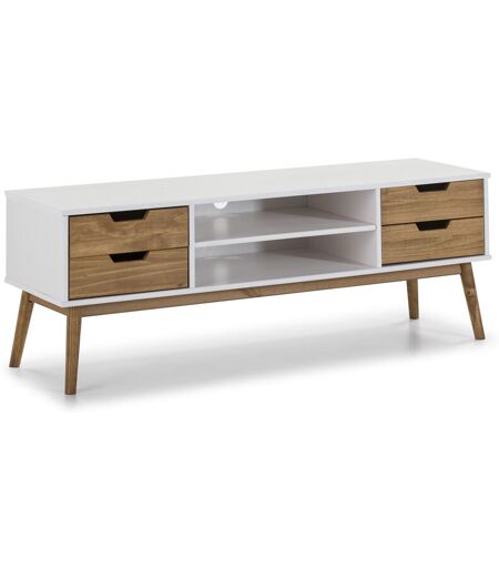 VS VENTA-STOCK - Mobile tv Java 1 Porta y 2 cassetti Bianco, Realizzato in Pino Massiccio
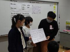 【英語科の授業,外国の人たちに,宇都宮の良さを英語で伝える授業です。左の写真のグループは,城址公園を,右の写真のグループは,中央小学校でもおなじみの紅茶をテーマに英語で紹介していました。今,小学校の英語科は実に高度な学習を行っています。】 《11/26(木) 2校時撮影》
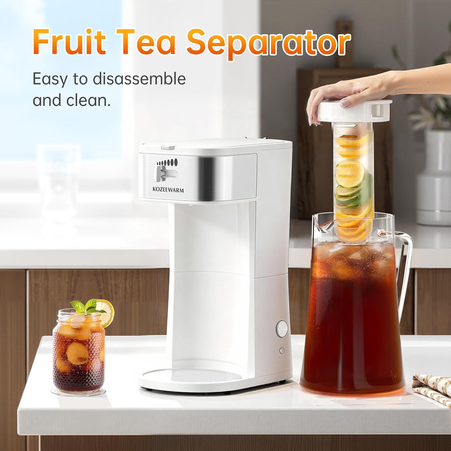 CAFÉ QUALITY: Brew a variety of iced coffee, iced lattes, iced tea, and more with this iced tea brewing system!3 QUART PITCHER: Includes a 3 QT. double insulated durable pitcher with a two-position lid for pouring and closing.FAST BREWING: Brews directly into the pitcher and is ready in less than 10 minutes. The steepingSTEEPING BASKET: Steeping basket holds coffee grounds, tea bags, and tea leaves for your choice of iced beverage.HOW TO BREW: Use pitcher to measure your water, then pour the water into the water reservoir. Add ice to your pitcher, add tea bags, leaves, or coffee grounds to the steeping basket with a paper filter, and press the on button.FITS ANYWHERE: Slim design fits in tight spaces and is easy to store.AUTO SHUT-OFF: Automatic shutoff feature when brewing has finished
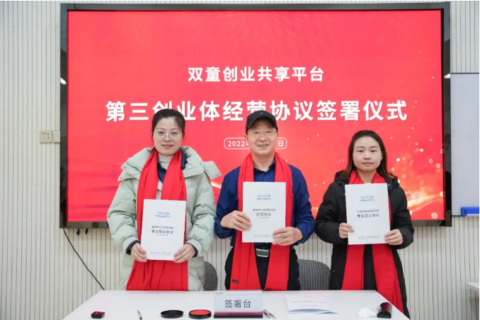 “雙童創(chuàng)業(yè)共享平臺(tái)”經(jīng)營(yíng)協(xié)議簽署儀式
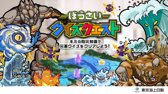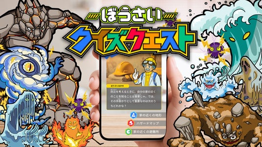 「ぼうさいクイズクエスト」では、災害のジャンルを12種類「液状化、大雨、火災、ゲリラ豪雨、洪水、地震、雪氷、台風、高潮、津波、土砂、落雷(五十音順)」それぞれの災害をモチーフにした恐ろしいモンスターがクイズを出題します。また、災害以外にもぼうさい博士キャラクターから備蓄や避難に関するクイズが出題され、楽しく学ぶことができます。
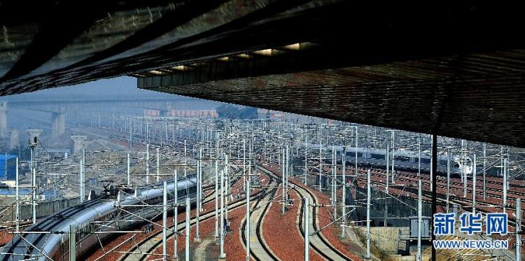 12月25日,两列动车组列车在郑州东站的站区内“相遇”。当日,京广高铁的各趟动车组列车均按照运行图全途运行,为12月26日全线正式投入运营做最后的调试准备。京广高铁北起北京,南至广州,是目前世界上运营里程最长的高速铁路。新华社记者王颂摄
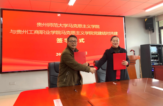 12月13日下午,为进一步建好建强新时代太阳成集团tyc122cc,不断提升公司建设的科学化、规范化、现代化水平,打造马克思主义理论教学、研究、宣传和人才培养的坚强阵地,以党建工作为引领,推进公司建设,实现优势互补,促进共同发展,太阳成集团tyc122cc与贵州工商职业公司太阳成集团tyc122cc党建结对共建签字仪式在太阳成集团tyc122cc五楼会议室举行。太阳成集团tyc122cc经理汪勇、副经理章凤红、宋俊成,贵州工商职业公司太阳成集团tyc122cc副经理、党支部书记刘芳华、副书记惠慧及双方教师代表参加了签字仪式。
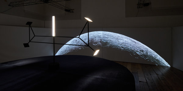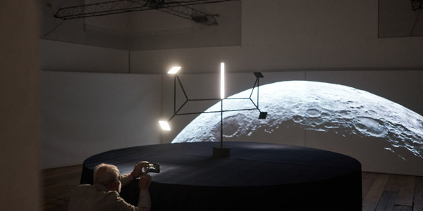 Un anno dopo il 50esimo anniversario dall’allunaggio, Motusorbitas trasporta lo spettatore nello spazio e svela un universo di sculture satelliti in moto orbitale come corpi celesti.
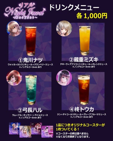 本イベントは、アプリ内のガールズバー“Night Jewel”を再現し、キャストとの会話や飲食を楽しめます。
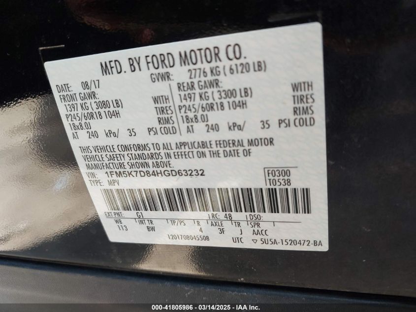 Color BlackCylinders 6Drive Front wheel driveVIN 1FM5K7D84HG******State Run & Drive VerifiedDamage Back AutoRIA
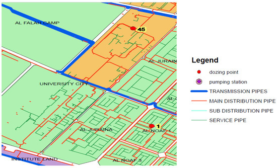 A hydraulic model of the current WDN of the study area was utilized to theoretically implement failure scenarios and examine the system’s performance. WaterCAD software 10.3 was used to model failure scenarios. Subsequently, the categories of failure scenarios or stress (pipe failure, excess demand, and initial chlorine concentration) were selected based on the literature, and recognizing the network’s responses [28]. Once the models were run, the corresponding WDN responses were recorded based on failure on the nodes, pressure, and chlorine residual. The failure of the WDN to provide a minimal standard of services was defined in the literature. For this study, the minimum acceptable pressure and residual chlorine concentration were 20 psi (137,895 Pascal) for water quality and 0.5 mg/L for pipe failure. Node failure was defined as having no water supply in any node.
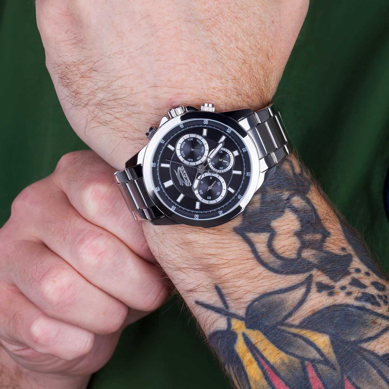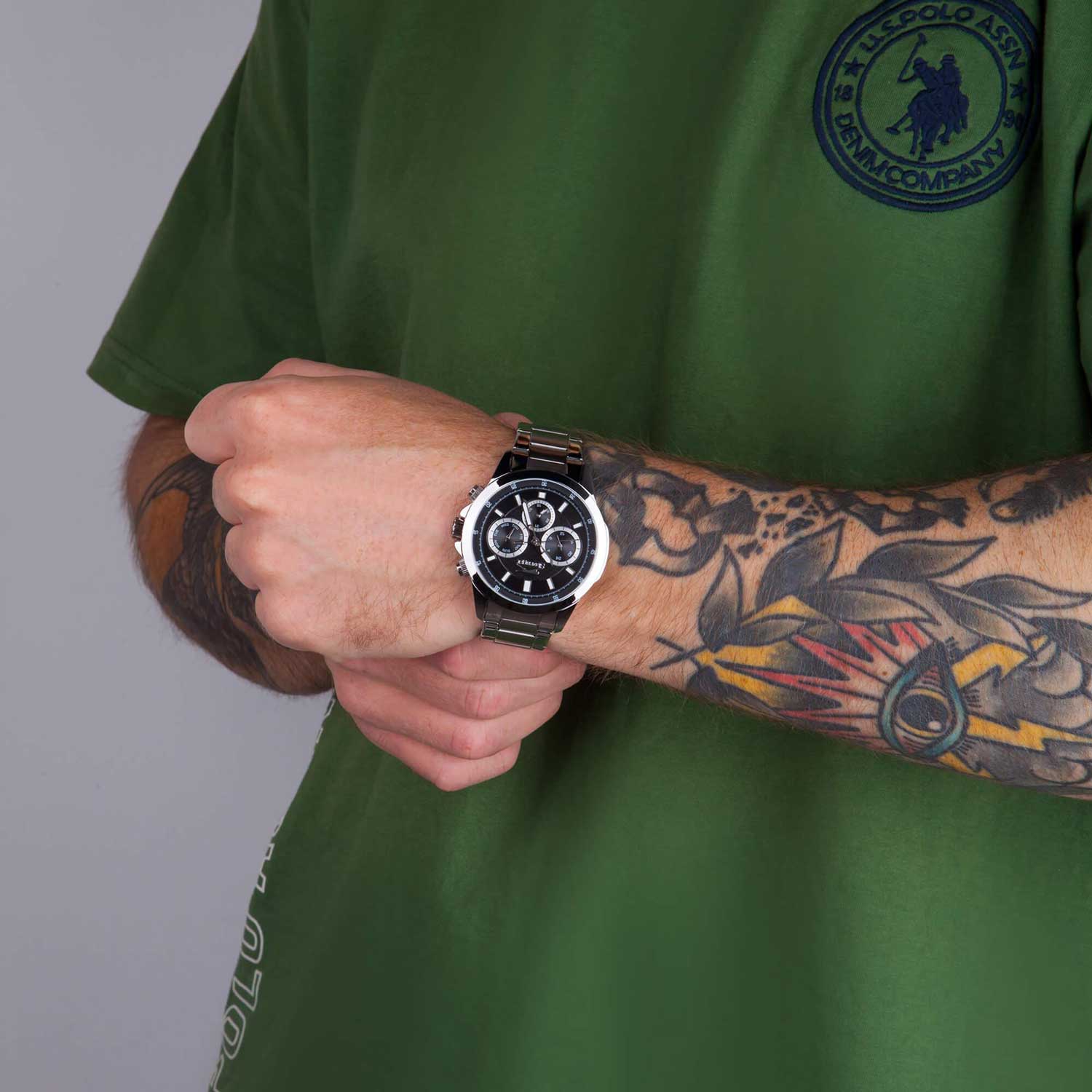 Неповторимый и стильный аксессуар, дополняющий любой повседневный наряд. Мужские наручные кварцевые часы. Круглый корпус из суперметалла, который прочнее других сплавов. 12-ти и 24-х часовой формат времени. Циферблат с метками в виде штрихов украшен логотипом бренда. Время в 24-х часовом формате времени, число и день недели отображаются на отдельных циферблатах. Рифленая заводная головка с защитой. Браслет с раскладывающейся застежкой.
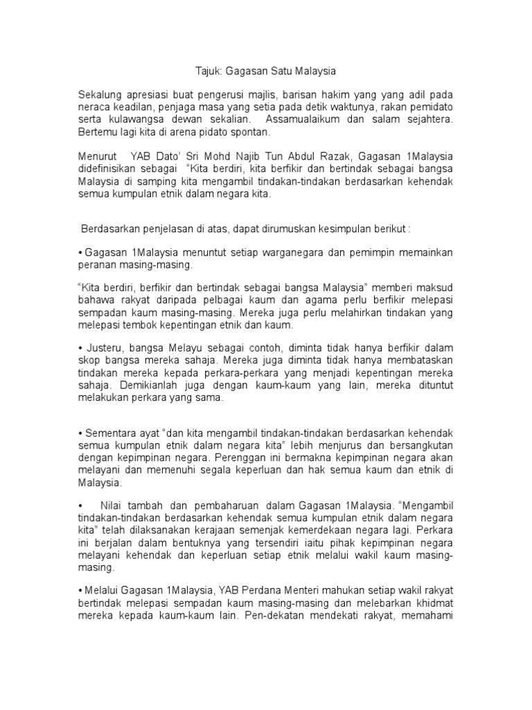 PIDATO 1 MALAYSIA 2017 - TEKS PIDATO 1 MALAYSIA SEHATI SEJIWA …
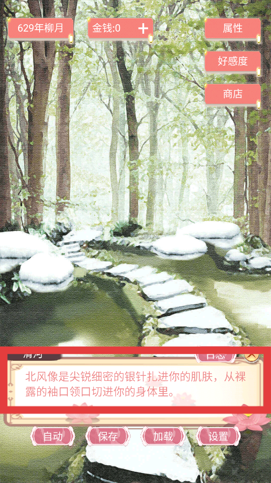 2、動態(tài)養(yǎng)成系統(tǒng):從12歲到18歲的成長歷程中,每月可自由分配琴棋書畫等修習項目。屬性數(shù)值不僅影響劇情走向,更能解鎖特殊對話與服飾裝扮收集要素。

※ ※ ※

● **Exercise directions**
Write every record out again exactly, omitting the pictures they hold.

● **Answer to the problem**
 VS VENTA-STOCK - Mobile tv Java 1 Porta y 2 cassetti Bianco, Realizzato in Pino Massiccio
 【英語科の授業,外国の人たちに,宇都宮の良さを英語で伝える授業です。左の写真のグループは,城址公園を,右の写真のグループは,中央小学校でもおなじみの紅茶をテーマに英語で紹介していました。今,小学校の英語科は実に高度な学習を行っています。】 《11/26(木) 2校時撮影》
 CAFÉ QUALITY: Brew a variety of iced coffee, iced lattes, iced tea, and more with this iced tea brewing system!3 QUART PITCHER: Includes a 3 QT. double insulated durable pitcher with a two-position lid for pouring and closing.FAST BREWING: Brews directly into the pitcher and is ready in less than 10 minutes. The steepingSTEEPING BASKET: Steeping basket holds coffee grounds, tea bags, and tea leaves for your choice of iced beverage.HOW TO BREW: Use pitcher to measure your water, then pour the water into the water reservoir. Add ice to your pitcher, add tea bags, leaves, or coffee grounds to the steeping basket with a paper filter, and press the on button.FITS ANYWHERE: Slim design fits in tight spaces and is easy to store.AUTO SHUT-OFF: Automatic shutoff feature when brewing has finished
 “雙童創(chuàng)業(yè)共享平臺(tái)”經(jīng)營(yíng)協(xié)議簽署儀式
 「ぼうさいクイズクエスト」では、災害のジャンルを12種類「液状化、大雨、火災、ゲリラ豪雨、洪水、地震、雪氷、台風、高潮、津波、土砂、落雷(五十音順)」それぞれの災害をモチーフにした恐ろしいモンスターがクイズを出題します。また、災害以外にもぼうさい博士キャラクターから備蓄や避難に関するクイズが出題され、楽しく学ぶことができます。
 12月25日,两列动车组列车在郑州东站的站区内“相遇”。当日,京广高铁的各趟动车组列车均按照运行图全途运行,为12月26日全线正式投入运营做最后的调试准备。京广高铁北起北京,南至广州,是目前世界上运营里程最长的高速铁路。新华社记者王颂摄
 12月13日下午,为进一步建好建强新时代太阳成集团tyc122cc,不断提升公司建设的科学化、规范化、现代化水平,打造马克思主义理论教学、研究、宣传和人才培养的坚强阵地,以党建工作为引领,推进公司建设,实现优势互补,促进共同发展,太阳成集团tyc122cc与贵州工商职业公司太阳成集团tyc122cc党建结对共建签字仪式在太阳成集团tyc122cc五楼会议室举行。太阳成集团tyc122cc经理汪勇、副经理章凤红、宋俊成,贵州工商职业公司太阳成集团tyc122cc副经理、党支部书记刘芳华、副书记惠慧及双方教师代表参加了签字仪式。
 Un anno dopo il 50esimo anniversario dall’allunaggio, Motusorbitas trasporta lo spettatore nello spazio e svela un universo di sculture satelliti in moto orbitale come corpi celesti.
 本イベントは、アプリ内のガールズバー“Night Jewel”を再現し、キャストとの会話や飲食を楽しめます。
 Color BlackCylinders 6Drive Front wheel driveVIN 1FM5K7D84HG******State Run & Drive VerifiedDamage Back AutoRIA
 A hydraulic model of the current WDN of the study area was utilized to theoretically implement failure scenarios and examine the system’s performance. WaterCAD software 10.3 was used to model failure scenarios. Subsequently, the categories of failure scenarios or stress (pipe failure, excess demand, and initial chlorine concentration) were selected based on the literature, and recognizing the network’s responses [28]. Once the models were run, the corresponding WDN responses were recorded based on failure on the nodes, pressure, and chlorine residual. The failure of the WDN to provide a minimal standard of services was defined in the literature. For this study, the minimum acceptable pressure and residual chlorine concentration were 20 psi (137,895 Pascal) for water quality and 0.5 mg/L for pipe failure. Node failure was defined as having no water supply in any node.
 Неповторимый и стильный аксессуар, дополняющий любой повседневный наряд. Мужские наручные кварцевые часы. Круглый корпус из суперметалла, который прочнее других сплавов. 12-ти и 24-х часовой формат времени. Циферблат с метками в виде штрихов украшен логотипом бренда. Время в 24-х часовом формате времени, число и день недели отображаются на отдельных циферблатах. Рифленая заводная головка с защитой. Браслет с раскладывающейся застежкой.
 PIDATO 1 MALAYSIA 2017 - TEKS PIDATO 1 MALAYSIA SEHATI SEJIWA …
 2、動態(tài)養(yǎng)成系統(tǒng):從12歲到18歲的成長歷程中,每月可自由分配琴棋書畫等修習項目。屬性數(shù)值不僅影響劇情走向,更能解鎖特殊對話與服飾裝扮收集要素。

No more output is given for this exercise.